Has the breaking of the Atlantic Telegraph Cable thrown doubt upon the possibility of its being hereafter safely laid? is a question in which the public feel considerable interest. After carefully reading a great deal that has been written on the point, and giving the subject our best consideration, we are of opinion that it has not.

The cause and mode of the disaster are easily stated. It seems that while the Niagara was proceeding steadily and safely, paying out the cable at the rate of about four miles an hour, one of the engineers thought it was going out too fast, and in order to check it applied the brakes to the drums over which it was passing. Just at this moment the stern of the vessel, from which the cable was being paid over, was in the trough of the waves. The next instant the stern rose on the surface of a wave, thus straining the cable—when it suddenly parted. The cable, by experiments, had been proved equal to bearing uninjured a strain of four tons; its weight per mile was six tons. Allowing there to have been three miles length pending between the ship’s deck and the bottom of the sea, to stop the paying out was equivalent to placing nearly 18 tons—the weight of the quantity pending in the water—strain on the cable.

The opinions expressed by the press are various and contradictory as to how the disaster might have been prevented. The New York Times thinks it “apparent enough now that the true plan will be to let the Cable run out as rapidly as possible, without making any attempt to check it, at least until the ship has been stopped.
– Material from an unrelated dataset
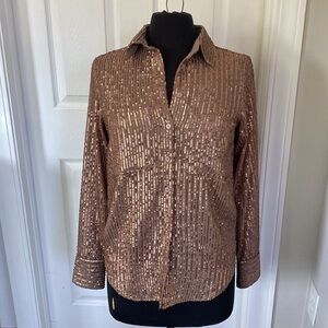 Anthropologie The Remie Sequined Brown Shirt

The utility of the brake apparatus in any event is extremely doubtful,—while it is evidently a prominent source of danger.” The Evening Post considers that “if the steamer had sailed a little slower, or had the cable been permitted to run freely, it would not have broken.” The Herald believes that “if the speed of the vessel had been increased, instead of the descent of the cable being suddenly arrested, there is every probability that the fleet would be at this hour in Newfoundland, and the greatest feat ever attempted would have been triumphantly accomplished.”
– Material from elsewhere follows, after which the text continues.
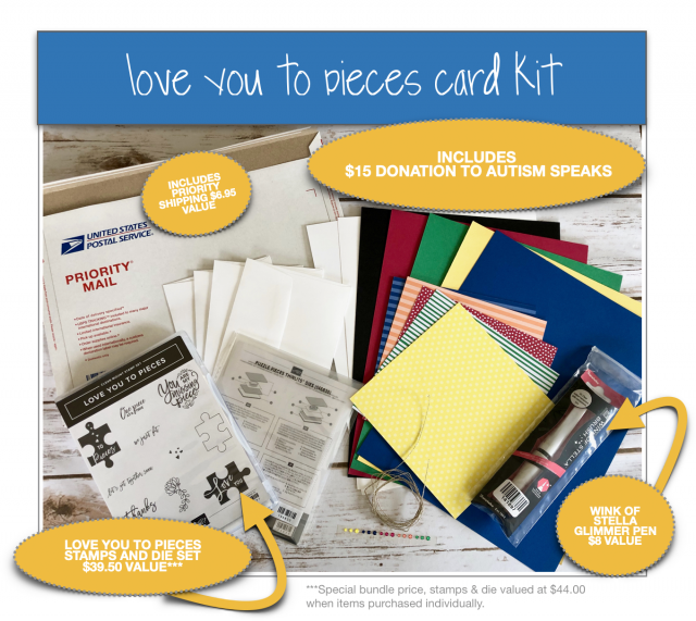 Why just purchase the stamp/die bundle, when for just a few dollars more you can get the entire card kit, that includes a donation to Autism Speaks? It’s a win-win! Click here for more details on the kits.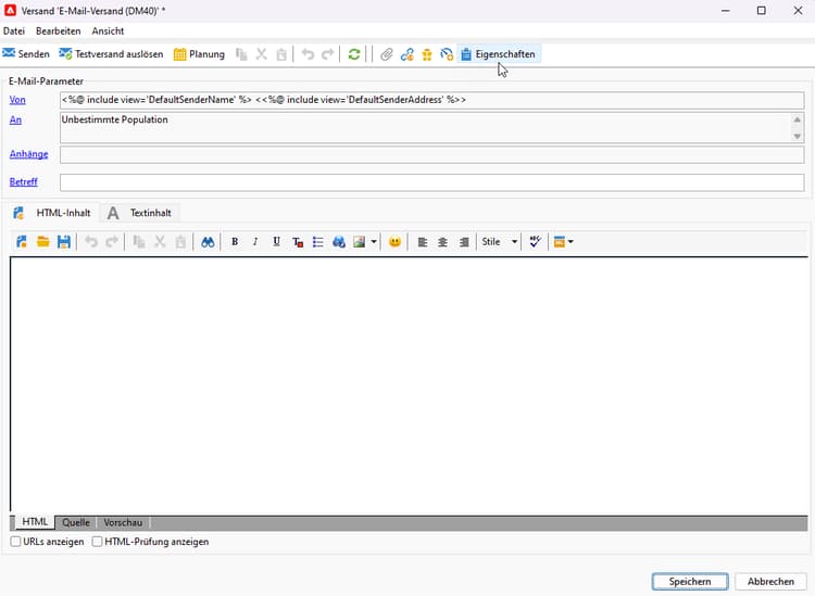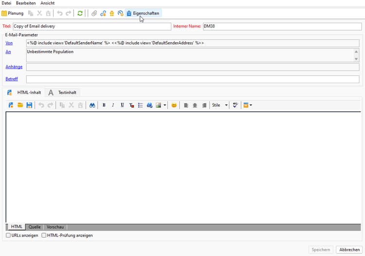 Rufen Sie die Eigenschaften der ausgewählten Versandvorlage auf.

There is some truth in all these theories, though none of them seem to grasp the whole matter. The remote cause of the disaster was the inadequate length of the cable. Only a few hundred miles had been allowed for divergencies, beyond the length of a straight line drawn from Ireland to Newfoundland. This allowance was much too small—one thousand miles extra is the least that should have been manufactured. Owing to the shortness of the cable the engineer was forced to put on the brakes. He dared not let the cable pay itself out so fast, for, owing to the drift of the waves, it was evidently laying itself in a curve instead of in a straight line. Hence three miles or more of cable would have been required for every two miles of the vessel’s sailing; and the whole would have been exhausted long before the fleet reached Newfoundland. The engineer’s idea in applying the brakes was that he could straighten the cable, and compel it to follow rigidly in the vessel’s course, instead of which as a moment’s reflection should have told him, he was throwing on the cable more of its own weight than it could bear. Had not the brakes been applied, and had the vessel continued to pay out the cable freely, the probability is that a still more mortifying failure would have occurred towards the last, by the premature exhaustion of the entire length.
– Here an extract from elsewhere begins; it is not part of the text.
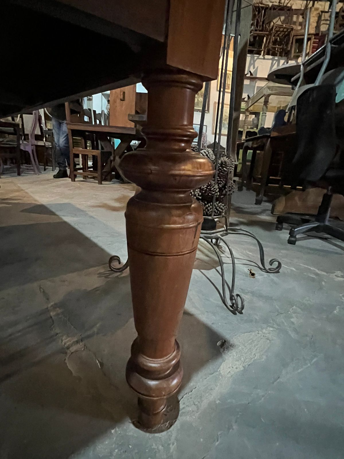 Feita de madeira maciça, possui os pés torneados, 2 bancos e gaveta grande.

It would have been of very little consequence whether the vessel was stopped or its speed increased. Neither of these expedients would have prevented the cable from paying out curvilinearly. The mistake all along was in supposing that, in calm or storm, the cable would lay right in the track of the ship, or that if not it could be straightened by applying the breaks. We do not despair of the success of another attempt, if it be conducted upon the theory that the cable cannot bear the weight of so much of its length as hangs between the ship’s deck and the ocean’s bottom, and therefore that the breaks must in no case be used, nor the paying out suspended. If this fact be borne in mind, and sufficient length be provided to allow of the divergencies which the drift of the water in any direction may cause, there is nothing in the recent disaster to discourage our hopes of the junction of the two hemispheres.